• [Work item]: From the first line of the material below through the line containing "Prefeito Paulo Pinheiro comemorou decisão", print every line exactly as it stands, but no pictures.

________

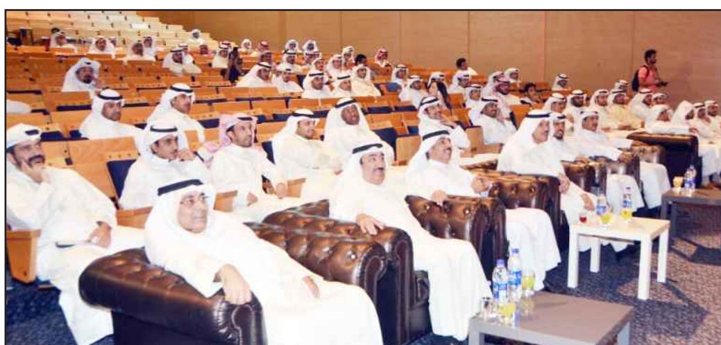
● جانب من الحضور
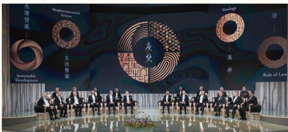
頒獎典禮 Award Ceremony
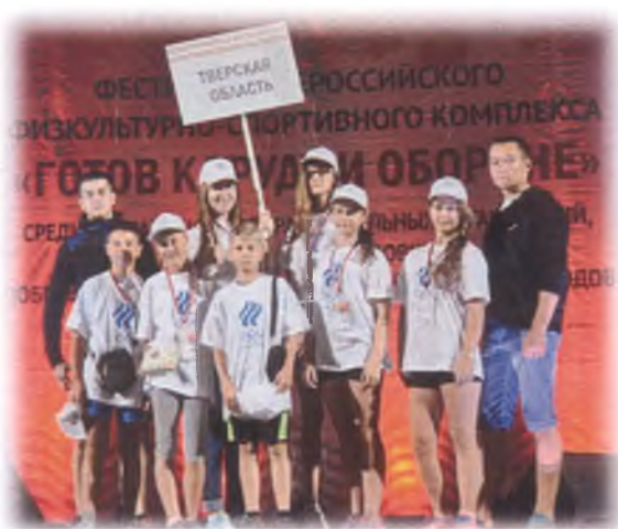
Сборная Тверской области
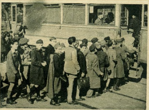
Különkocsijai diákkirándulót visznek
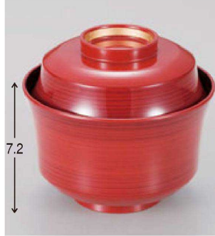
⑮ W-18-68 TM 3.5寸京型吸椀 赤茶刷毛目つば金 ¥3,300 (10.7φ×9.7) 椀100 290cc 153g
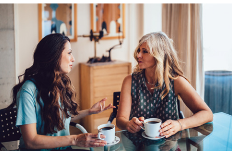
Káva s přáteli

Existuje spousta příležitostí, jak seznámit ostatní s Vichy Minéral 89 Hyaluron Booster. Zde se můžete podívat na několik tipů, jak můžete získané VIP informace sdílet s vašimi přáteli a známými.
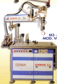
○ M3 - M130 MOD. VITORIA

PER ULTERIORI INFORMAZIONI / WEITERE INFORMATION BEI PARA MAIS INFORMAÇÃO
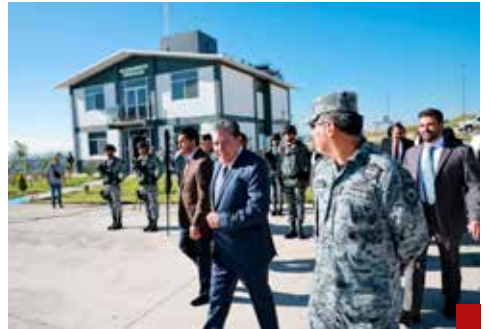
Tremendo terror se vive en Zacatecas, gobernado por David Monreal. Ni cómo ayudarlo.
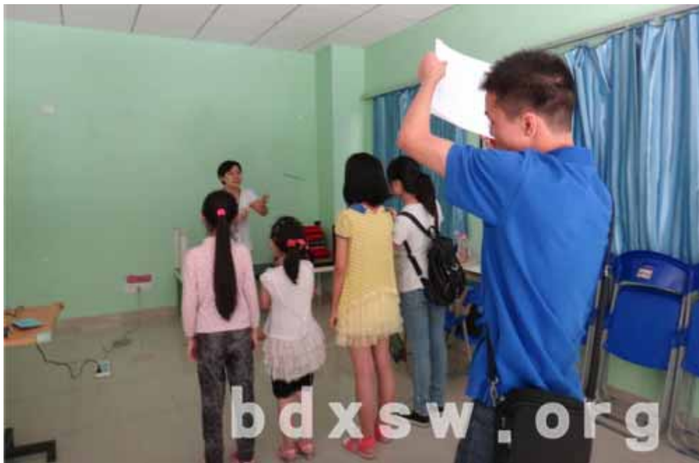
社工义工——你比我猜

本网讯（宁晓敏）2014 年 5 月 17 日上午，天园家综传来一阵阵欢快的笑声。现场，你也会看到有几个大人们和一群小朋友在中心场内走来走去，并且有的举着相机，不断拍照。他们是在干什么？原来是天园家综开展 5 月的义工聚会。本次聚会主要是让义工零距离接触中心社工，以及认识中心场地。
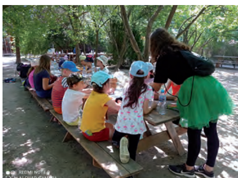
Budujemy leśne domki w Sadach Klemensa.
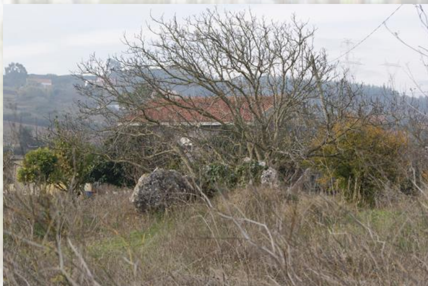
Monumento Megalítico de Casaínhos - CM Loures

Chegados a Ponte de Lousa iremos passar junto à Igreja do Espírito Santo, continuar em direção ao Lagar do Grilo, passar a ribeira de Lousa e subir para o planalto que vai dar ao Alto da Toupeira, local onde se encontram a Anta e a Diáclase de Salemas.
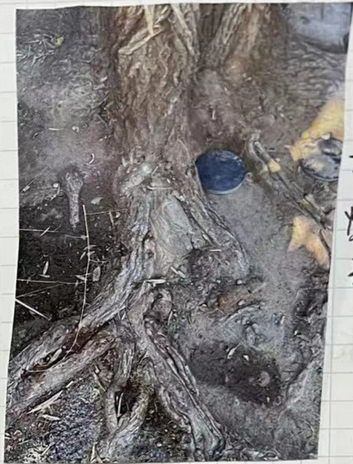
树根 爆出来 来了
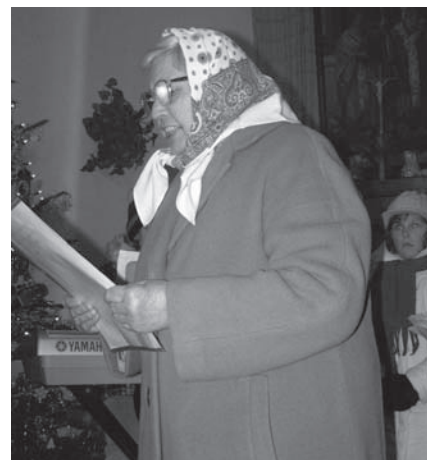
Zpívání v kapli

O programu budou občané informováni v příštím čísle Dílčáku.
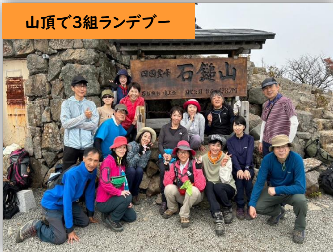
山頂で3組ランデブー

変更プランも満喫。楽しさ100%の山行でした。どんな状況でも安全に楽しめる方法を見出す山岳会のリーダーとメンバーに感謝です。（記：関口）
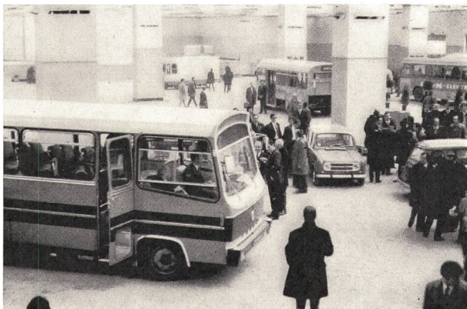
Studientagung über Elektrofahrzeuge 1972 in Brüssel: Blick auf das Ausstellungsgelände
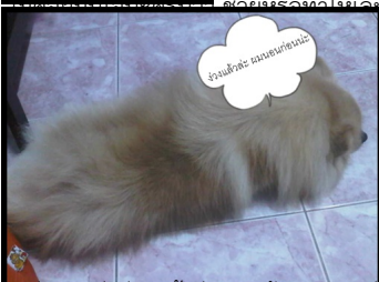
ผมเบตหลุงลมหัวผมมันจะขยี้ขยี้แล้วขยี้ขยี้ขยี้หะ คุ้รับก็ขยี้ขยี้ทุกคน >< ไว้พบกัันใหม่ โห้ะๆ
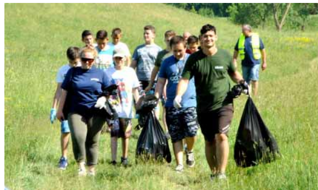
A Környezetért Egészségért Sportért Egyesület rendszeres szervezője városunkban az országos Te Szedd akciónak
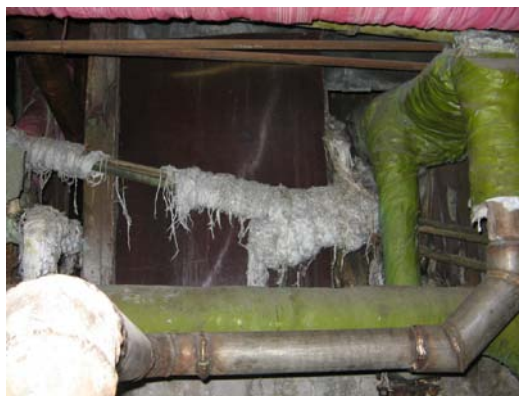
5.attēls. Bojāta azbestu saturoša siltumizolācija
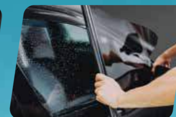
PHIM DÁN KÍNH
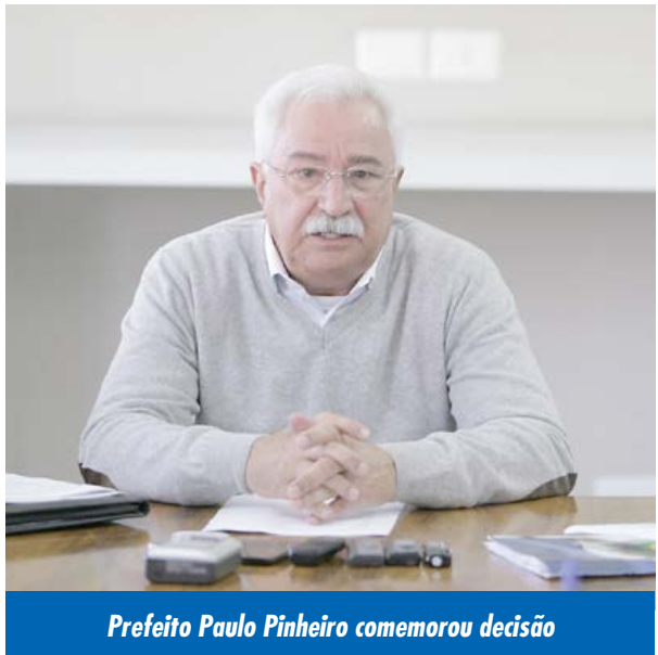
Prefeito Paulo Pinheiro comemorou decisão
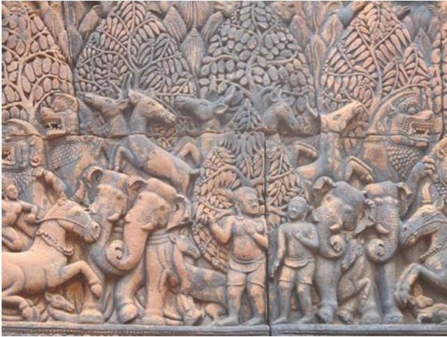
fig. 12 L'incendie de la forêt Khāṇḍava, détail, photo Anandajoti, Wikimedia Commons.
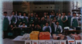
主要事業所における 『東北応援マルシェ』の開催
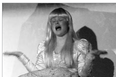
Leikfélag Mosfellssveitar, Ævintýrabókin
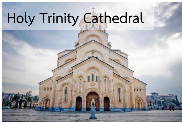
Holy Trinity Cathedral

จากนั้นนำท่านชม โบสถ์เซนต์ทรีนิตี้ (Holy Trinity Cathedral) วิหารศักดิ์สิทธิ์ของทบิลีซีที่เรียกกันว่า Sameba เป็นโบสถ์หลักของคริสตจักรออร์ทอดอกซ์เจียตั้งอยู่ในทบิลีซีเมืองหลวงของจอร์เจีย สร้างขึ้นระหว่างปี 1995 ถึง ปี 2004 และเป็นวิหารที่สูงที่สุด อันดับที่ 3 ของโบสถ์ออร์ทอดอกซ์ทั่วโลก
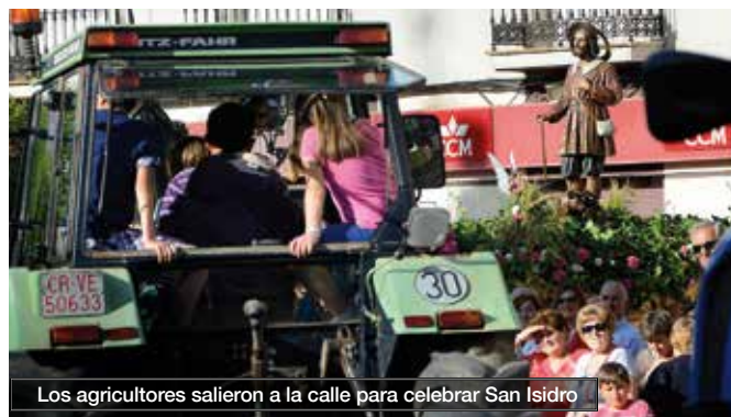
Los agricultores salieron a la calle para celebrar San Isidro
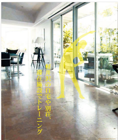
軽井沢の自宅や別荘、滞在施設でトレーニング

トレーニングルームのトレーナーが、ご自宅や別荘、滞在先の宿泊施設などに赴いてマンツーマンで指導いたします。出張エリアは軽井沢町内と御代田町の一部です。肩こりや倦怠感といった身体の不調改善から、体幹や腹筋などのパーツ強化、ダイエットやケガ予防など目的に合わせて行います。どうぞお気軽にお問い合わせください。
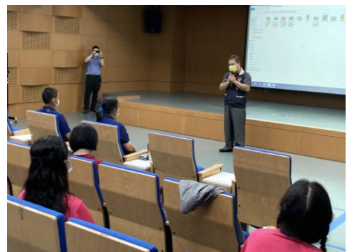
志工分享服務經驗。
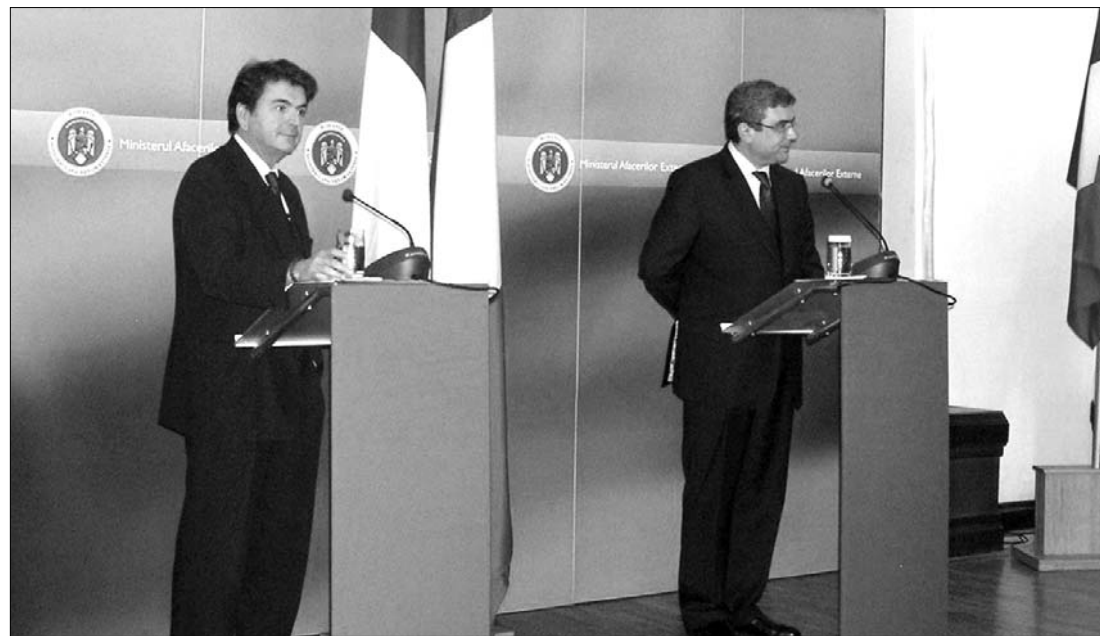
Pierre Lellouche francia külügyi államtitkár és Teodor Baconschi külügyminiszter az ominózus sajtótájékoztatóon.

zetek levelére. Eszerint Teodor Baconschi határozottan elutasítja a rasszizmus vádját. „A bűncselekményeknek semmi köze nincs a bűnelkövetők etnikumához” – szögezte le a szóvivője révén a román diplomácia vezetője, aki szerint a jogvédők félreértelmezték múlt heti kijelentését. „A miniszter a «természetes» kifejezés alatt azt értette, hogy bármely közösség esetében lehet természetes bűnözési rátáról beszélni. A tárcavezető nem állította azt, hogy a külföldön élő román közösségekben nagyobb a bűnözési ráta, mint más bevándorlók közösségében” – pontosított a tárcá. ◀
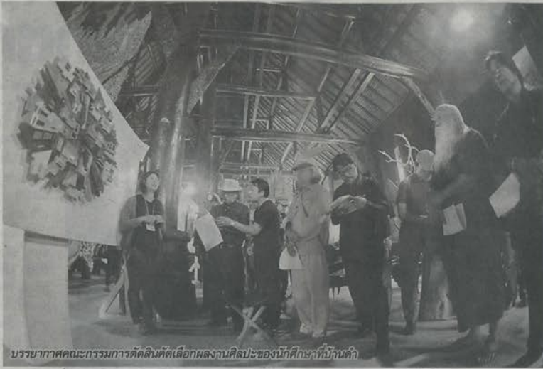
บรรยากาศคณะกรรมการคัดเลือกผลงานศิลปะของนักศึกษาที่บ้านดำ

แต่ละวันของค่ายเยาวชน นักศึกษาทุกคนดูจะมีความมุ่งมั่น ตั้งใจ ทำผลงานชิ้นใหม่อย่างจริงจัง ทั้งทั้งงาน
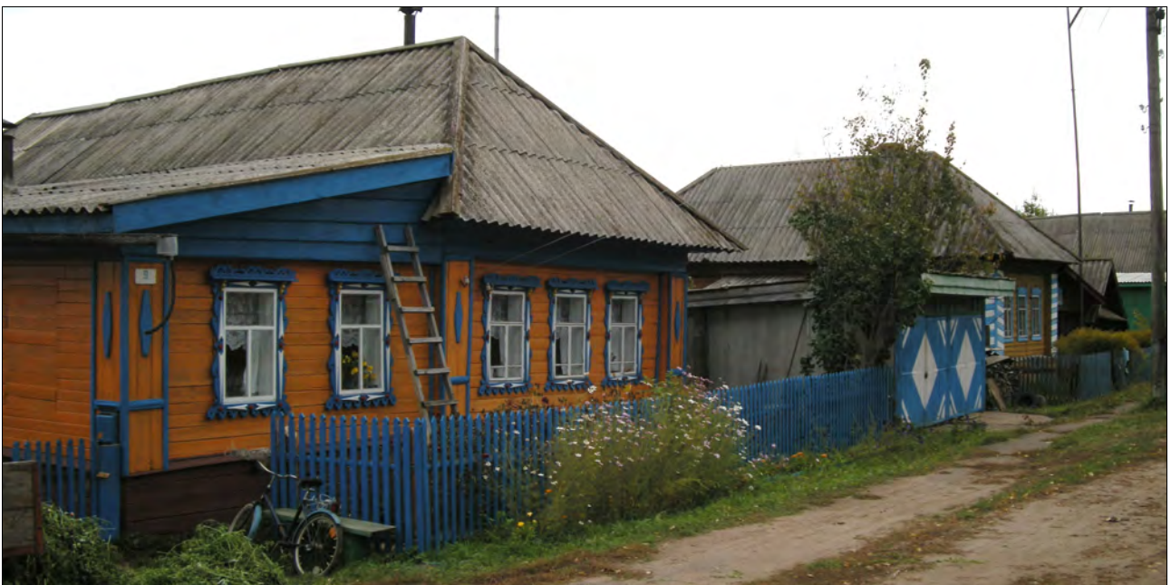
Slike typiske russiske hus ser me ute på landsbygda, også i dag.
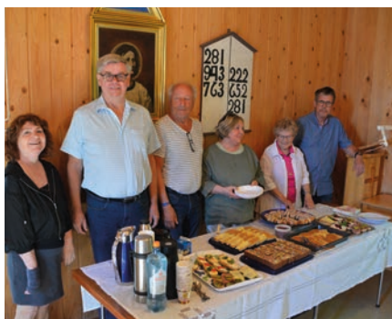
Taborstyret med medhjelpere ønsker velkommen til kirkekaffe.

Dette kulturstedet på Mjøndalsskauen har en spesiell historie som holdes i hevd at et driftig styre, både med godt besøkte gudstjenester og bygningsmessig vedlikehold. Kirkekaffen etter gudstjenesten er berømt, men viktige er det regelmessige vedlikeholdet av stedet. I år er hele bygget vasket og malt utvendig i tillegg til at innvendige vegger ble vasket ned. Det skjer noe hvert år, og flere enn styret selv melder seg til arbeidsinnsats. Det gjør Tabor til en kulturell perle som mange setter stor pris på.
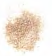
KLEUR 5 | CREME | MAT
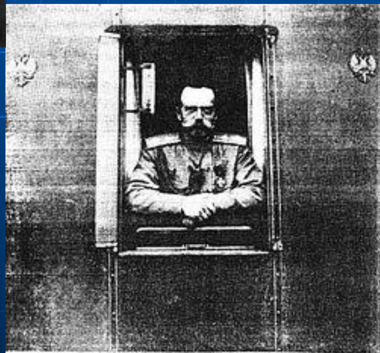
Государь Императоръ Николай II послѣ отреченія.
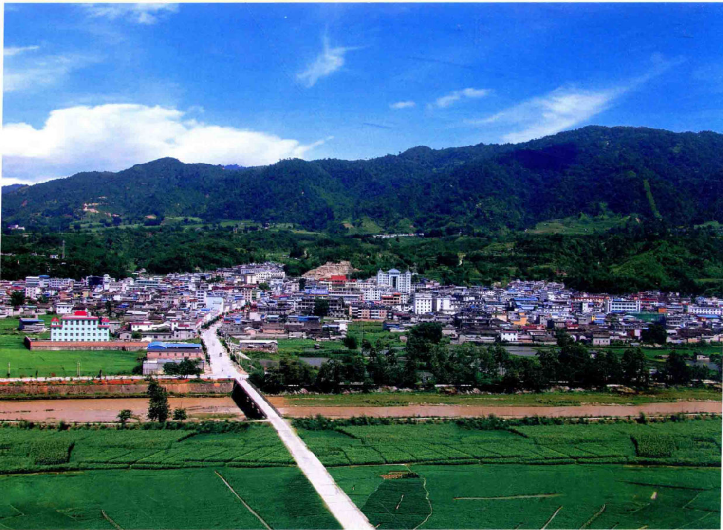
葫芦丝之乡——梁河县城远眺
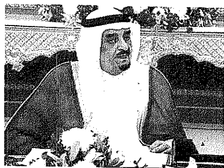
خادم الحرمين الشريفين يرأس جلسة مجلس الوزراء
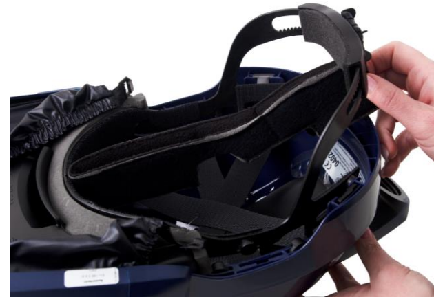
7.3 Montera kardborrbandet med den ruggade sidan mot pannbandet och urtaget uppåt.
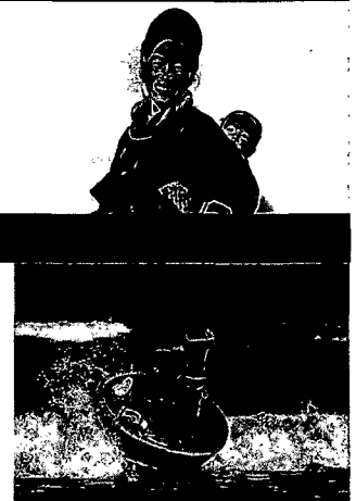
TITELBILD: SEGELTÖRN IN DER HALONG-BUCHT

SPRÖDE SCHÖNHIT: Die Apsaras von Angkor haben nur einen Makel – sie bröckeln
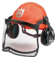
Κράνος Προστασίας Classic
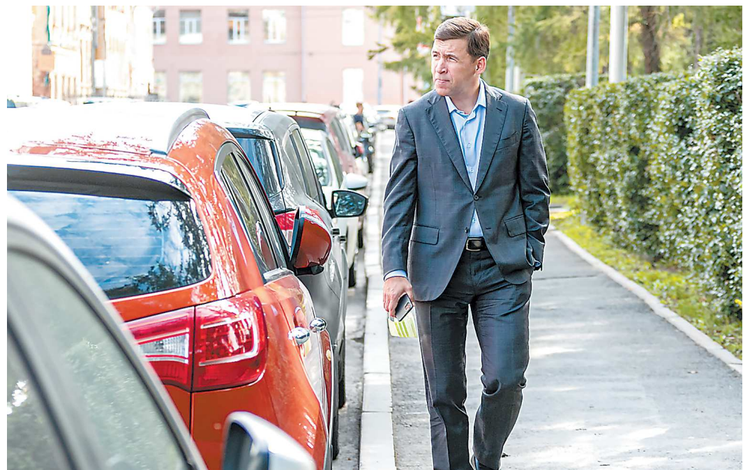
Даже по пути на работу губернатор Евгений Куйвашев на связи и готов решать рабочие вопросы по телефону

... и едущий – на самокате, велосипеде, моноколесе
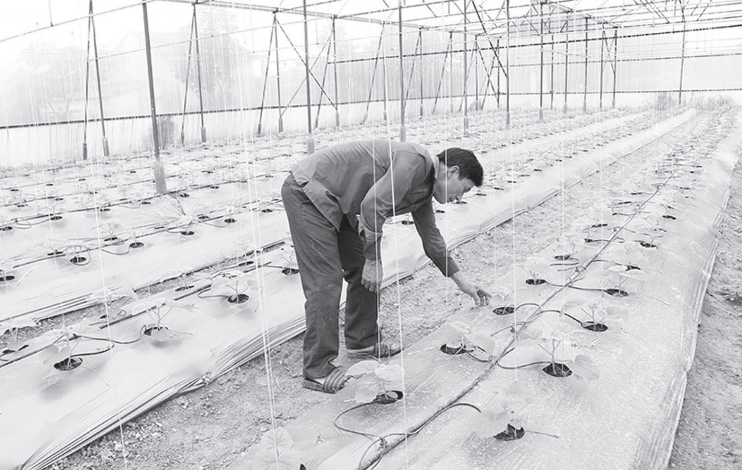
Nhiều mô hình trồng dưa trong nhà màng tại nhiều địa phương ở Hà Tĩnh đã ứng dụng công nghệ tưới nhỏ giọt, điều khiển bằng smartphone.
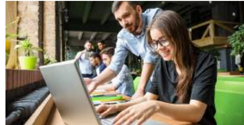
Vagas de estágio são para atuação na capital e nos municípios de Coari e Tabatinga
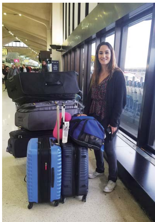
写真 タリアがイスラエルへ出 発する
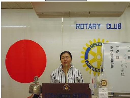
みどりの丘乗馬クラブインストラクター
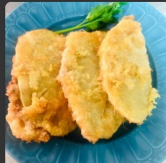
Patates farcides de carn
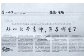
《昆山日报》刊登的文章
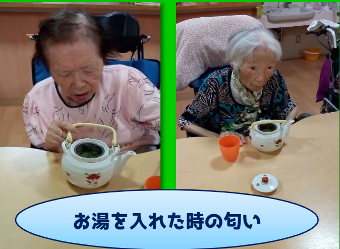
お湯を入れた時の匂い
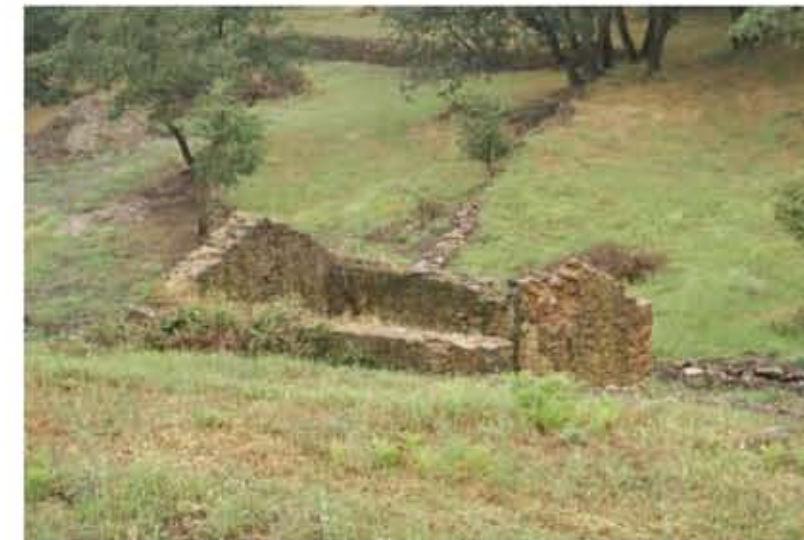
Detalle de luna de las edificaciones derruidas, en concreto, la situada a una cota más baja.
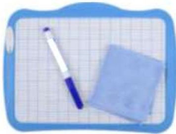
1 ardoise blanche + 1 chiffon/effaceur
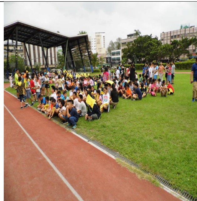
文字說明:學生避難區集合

________

• [Answer to the problem]:
● جانب من الحضور
頒獎典禮 Award Ceremony
Сборная Тверской области
Különkocsijai diákkirándulót visznek
⑮ W-18-68 TM 3.5寸京型吸椀 赤茶刷毛目つば金 ¥3,300 (10.7φ×9.7) 椀100 290cc 153g
Káva s přáteli

Existuje spousta příležitostí, jak seznámit ostatní s Vichy Minéral 89 Hyaluron Booster. Zde se můžete podívat na několik tipů, jak můžete získané VIP informace sdílet s vašimi přáteli a známými.
○ M3 - M130 MOD. VITORIA

PER ULTERIORI INFORMAZIONI / WEITERE INFORMATION BEI PARA MAIS INFORMAÇÃO
Tremendo terror se vive en Zacatecas, gobernado por David Monreal. Ni cómo ayudarlo.
社工义工——你比我猜

本网讯（宁晓敏）2014 年 5 月 17 日上午，天园家综传来一阵阵欢快的笑声。现场，你也会看到有几个大人们和一群小朋友在中心场内走来走去，并且有的举着相机，不断拍照。他们是在干什么？原来是天园家综开展 5 月的义工聚会。本次聚会主要是让义工零距离接触中心社工，以及认识中心场地。
Budujemy leśne domki w Sadach Klemensa.
Monumento Megalítico de Casaínhos - CM Loures

Chegados a Ponte de Lousa iremos passar junto à Igreja do Espírito Santo, continuar em direção ao Lagar do Grilo, passar a ribeira de Lousa e subir para o planalto que vai dar ao Alto da Toupeira, local onde se encontram a Anta e a Diáclase de Salemas.
树根 爆出来 来了
Zpívání v kapli

O programu budou občané informováni v příštím čísle Dílčáku.
山頂で3組ランデブー

変更プランも満喫。楽しさ100%の山行でした。どんな状況でも安全に楽しめる方法を見出す山岳会のリーダーとメンバーに感謝です。（記：関口）
Studientagung über Elektrofahrzeuge 1972 in Brüssel: Blick auf das Ausstellungsgelände
ผมเบตหลุงลมหัวผมมันจะขยี้ขยี้แล้วขยี้ขยี้ขยี้หะ คุ้รับก็ขยี้ขยี้ทุกคน >< ไว้พบกัันใหม่ โห้ะๆ
A Környezetért Egészségért Sportért Egyesület rendszeres szervezője városunkban az országos Te Szedd akciónak
5.attēls. Bojāta azbestu saturoša siltumizolācija
PHIM DÁN KÍNH
Prefeito Paulo Pinheiro comemorou decisão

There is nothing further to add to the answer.